– Когда я смотрю на эти звезды…, – задумчиво произнес Агриппа, – на это необъятное ночное небо… слышу шелест травы и плеск волн, я точно знаю, что Бог здесь рядом с нами. Ибо в каждой травинке спрятана частичка Его. А паписты строят свои соборы и украшают их витражами и золотом, не понимая убожества своих потуг… будто все золото мира способно сравниться с Его величием…
Генрих не мог бы сказать такими словами, но сейчас каждой клеточкой своего тела и всеми струнами души ощущал он красоту и мощь мироздания. Словно первый человек на земле, он чувствовал свою общность с огромным миром, что простирался пред ним до горизонта.

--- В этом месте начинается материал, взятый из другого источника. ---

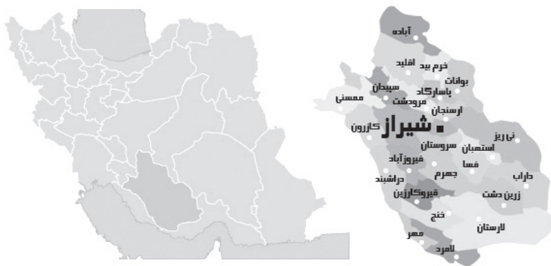
تصویر شماره ۲. نقشه موقعیت جغرافیایی استان فارس و شهر اردشیرخوره، فیروزآباد

وجود قلعه دختر در میان کوه‌های مرتفع و صعب‌العبور که بر معبر اصلی مسلط بوده تأیید می‌کند. این شهر و نقشه آن در دوره‌های بعد در ساخت شهرهای دارابگرد و همچنین به صورت بسیار قوی در ساخت شهر مد نظر خلیفه منصور عباسی بوده است (کیانی، ۱۳۶۵: ۱۸۱). این مسیر یک راه ایده‌آل برای دفاع و لشکرکشی پیروزمندانه اردشیر بوده است.
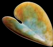
Coupelle / Small bowl L: 10 cm - 3 9/10" 03487
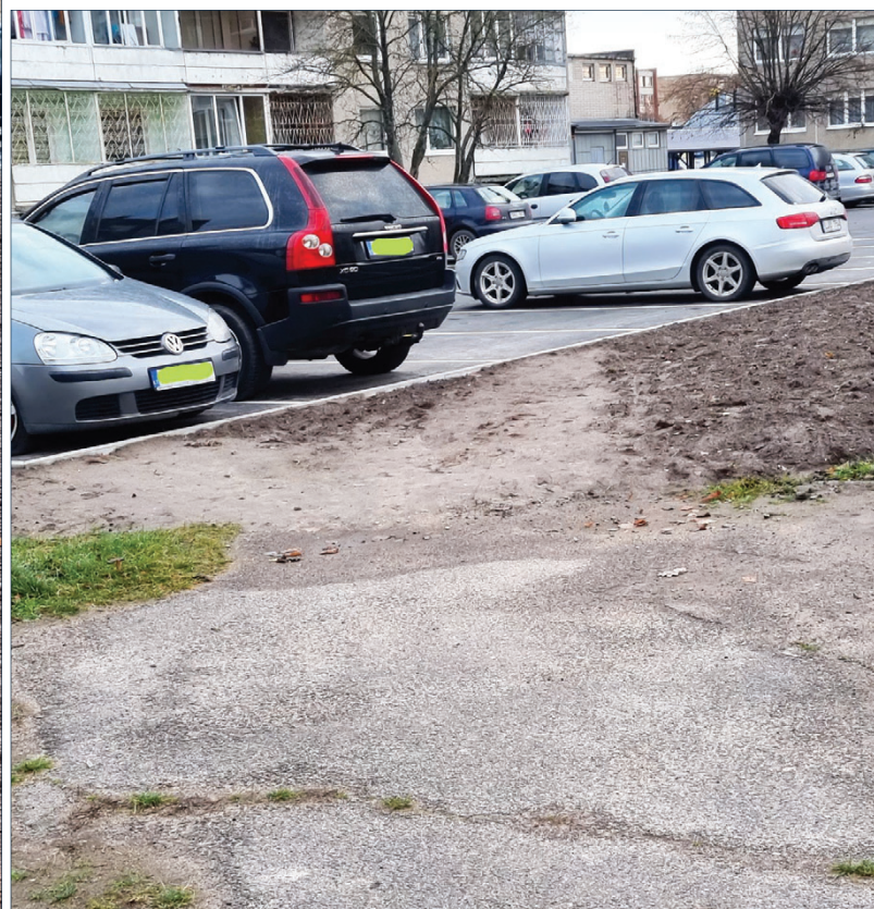
o čia tęsiasi
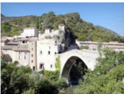
6 - Manosque - Draguignan -
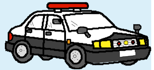
Xe tuần tra
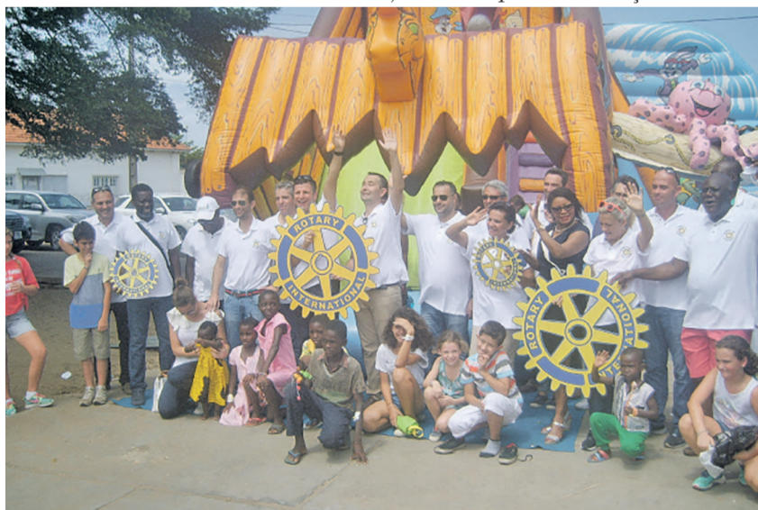
Les membres du Rotary club doyen et les enfants.

Apporter la joie aux enfants malades est la symbolique de ce geste d'amour et de cœur que le Rotary club doyen de la ville océane a fait à l'endroit des enfants malades à l'hôpital général Adolphe-Sicé. « Les rotariens et rotariennes

– Разве нуждается человек в посредниках, чтобы говорить с Создателем? – сказал Сегюр. – Жадные папские сановники стремятся отнять у нас это святое право, что от рождения дано каждому. Они желают присвоить себе Бога, чтобы вновь превратить людей в послушное стадо овец, бессмысленно бредущих за пастырем, роль коего католическая Церковь берет себе. Я верю, что когда-нибудь все христиане, вырвавшись из темницы папизма, обретут единение с Богом. И я готов воевать за это до последней капли крови!
Генрих улыбнулся. Все это было таким родным и знакомым, что можно было и не отвечать, ибо всякий вечер у костра сводился к таким беседам. Иногда Генрих задумывался о том, что, к стыду своему, сам он не так уж и религиозен. Когда он видел фанатичный блеск в глазах своих друзей, то вынужден был признать, что не разделяет их чувств.

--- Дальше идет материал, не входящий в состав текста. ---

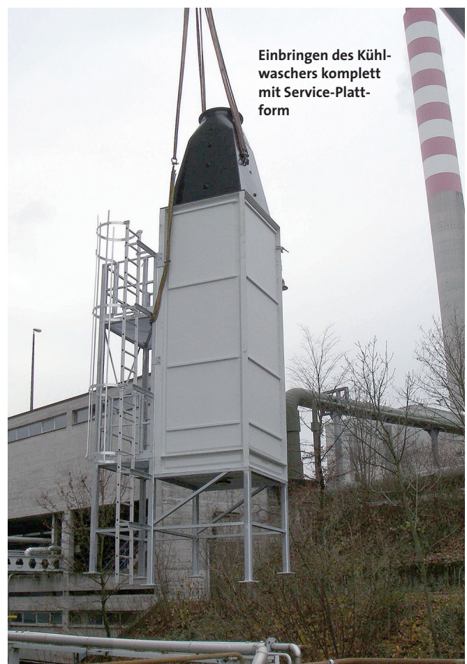
Einbringen des Kühlwaschers komplett mit Service-Plattform
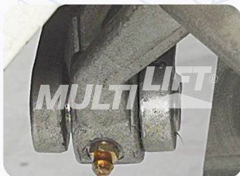
Graseras de lubricación en puntos clave.
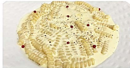
フジリ 4種類のチーズクリームソース Fusilli Quattroformaggi ¥1,620(税込)
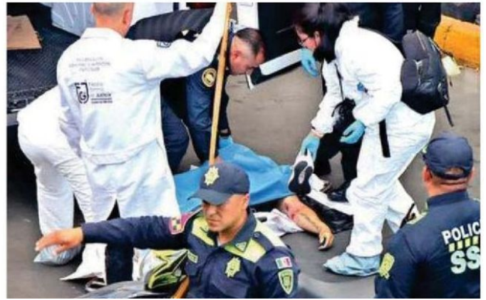
La fuerza del impacto fue tan violenta que el casco salió desprendido, mientras el luchador quedó tendido en el asfalto con lesiones mortales
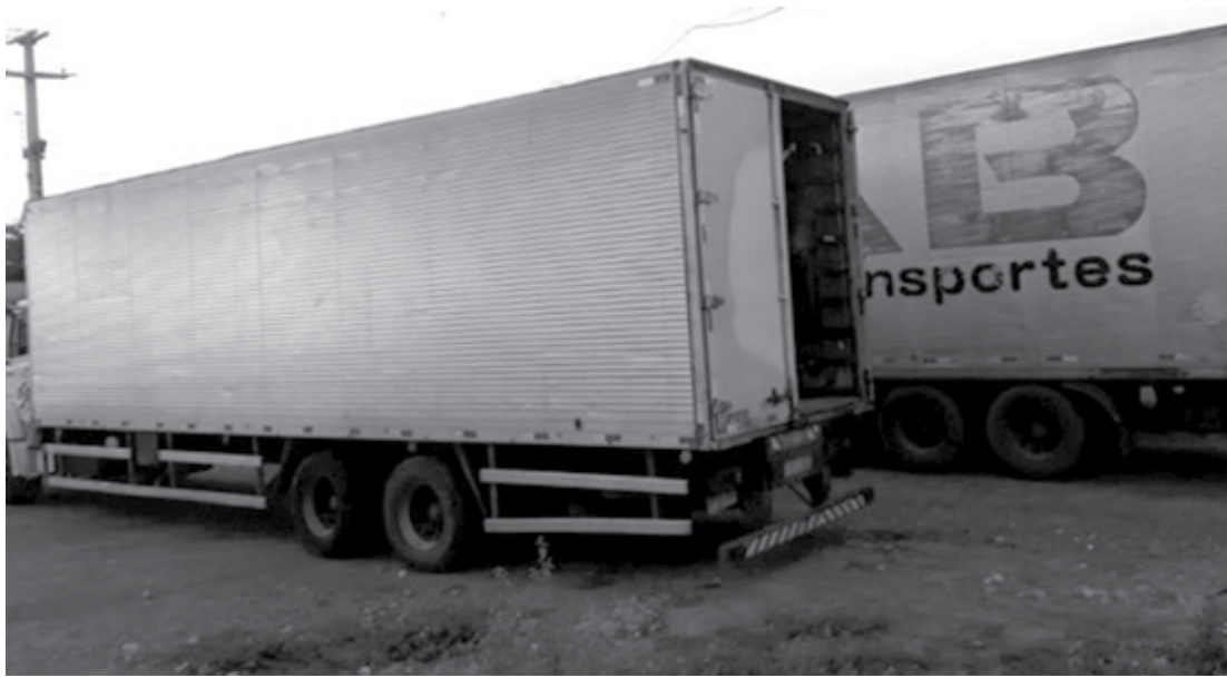
Primeiro veículo apreendido na BR-412 transportava mais de 26 mil unidades de vassouras, avaliadas em R$ 211 mil

Na mesma operação do Comando Fiscal de Campina Grande, auditores apreenderam outra carga irregular, desta vez de peças de motocicletas em um caminhão baú, cujas notas fiscais já estavam em território paraíba-
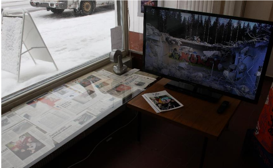
Ikkunalaudalla lehtiartikkeleita, televisiossa kuvasarja ja pöydällä kaksi graffitilehteä.
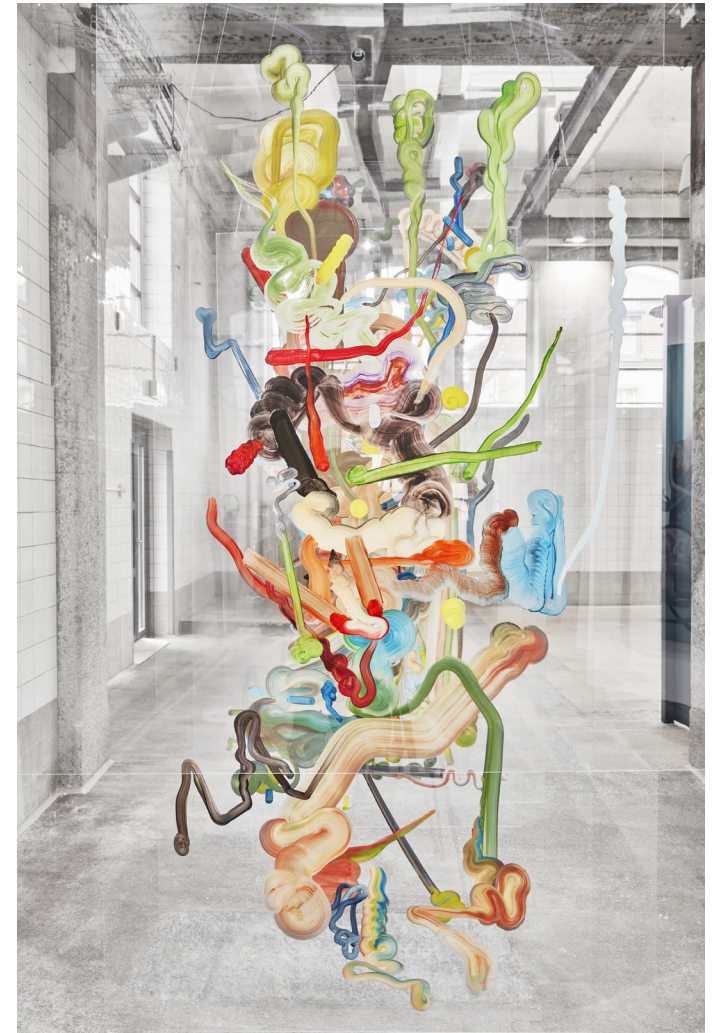
Vue de l'exposition Rhizome, Installation Plexiglas 4x 200/100 cm, 2021

И все же Генрих Наваррский считал себя убежденным протестантом. Новая вера создала вокруг себя целый мир, в котором каждый узнавал своих, и Генрих был его частью. Частью этого мира были его мать и сестра, обе суровые гугенотки. Частью этого мира были самые близкие его друзья и все, кого он любил. И даже его родная провинция, любимый южный Нерак с его розами и каштанами. И эти летние вечера у костра тоже были частью этого мира. А потому, когда юный принц Наваррский, став главою протестантской партии после смерти Луи де Конде, давал клятву защищать свою веру до последней капли крови, он клялся искренне. Ибо в торжественные слова клятвы вкладывал он приземленный и вполне понятный ему смысл защиты всего того, чем дорожил в жизни.
Генрих знал, что мир этот прекрасен не для всех. Сегодня он мог в очередной раз убедиться в этом. Но, как все юные принцы, искренне полагал, что именно ему по силам исправить несовершенство жизни.
Кто-то затянул двадцать шестой псалом Давида. Другие голоса подхватили знакомые слова, и вскоре над деревьями полетела торжественная и печальная мелодия. И в мелодии этой сливалось все то, что роднило между собою их души, словно они были даже не братьями, а одним человеком, стремящимся к счастью.
ЧАСТЬ ПЕРВАЯ. Лето 1572 года
Глава 1
Мы могли бы взять вашу столицу силой, но мы были так добры, что женились на ней.
Генрих Манн
Город глухо молчал, с обреченным отчуждением встречая нежеланных гостей. Улицы были почти безлюдны, а ставни закрыты, и даже собаки не лаяли, прячась по подворотням. И только сквозь щелки чердачных окон чьи-то беспокойные взгляды напряженно следили за небольшой армией, с трудом протискивающейся по узким улочкам старого Парижа. Шел дождь, и лошади, привычные к мягкому дерну, недовольно фыркали, ступая по мокрым камням мостовых. Потоки воды, перемешанные с помоями, мусором и конским навозом, сбегали в Сену, вбирая в себя сомнительные ароматы большого и грязного города. Северное лето 1572 года от Рождества Христова было в самом разгаре. Войска гугенотов со знаменосцем во главе входили в католический Париж.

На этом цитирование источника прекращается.